The "crawl budget":
Quote:
There is also not a hard limit on our crawl. The best way to think about it is that the number of pages that we crawl is roughly proportional to your PageRank. So if you have a lot of incoming links on your root page, we'll definitely crawl that. Then your root page may link to other pages, and those will get PageRank and we'll crawl those as well. As you get deeper and deeper in your site, however, PageRank tends to decline.

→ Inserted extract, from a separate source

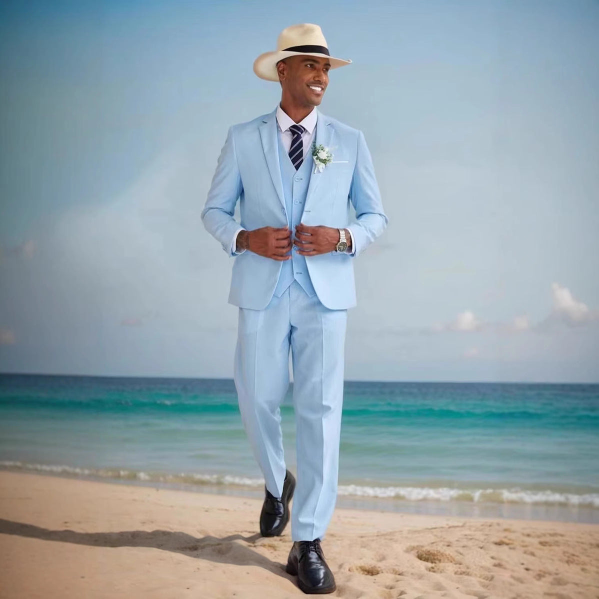 - Trois pièces : Comprend une veste, un gilet et un pantalon pour un look complet.

Another way to think about it is that the low PageRank pages on your site are competing against a much larger pool of pages with the same or higher PageRank. There are a large number of pages on the web that have very little or close to zero PageRank. The pages that get linked to a lot tend to get discovered and crawled quite quickly. The lower PageRank pages are likely to be crawled not quite as often.
|
The recent blogosphere babble re "page speed" I think is clarified by this:
Quote:
One thing that's interesting in terms of the notion of a crawl budget is that although there are no hard limits in the crawl itself, there is the concept of host load. The host load is essentially the maximum number of simultaneous connections that a particular web server can handle. Imagine you have a web server that can only have one bot at a time. This would only allow you to fetch one page at a time, and there would be a very, very low host load, whereas some sites like Facebook, or Twitter, might have a very high host load because they can take a lot of simultaneous connections.
|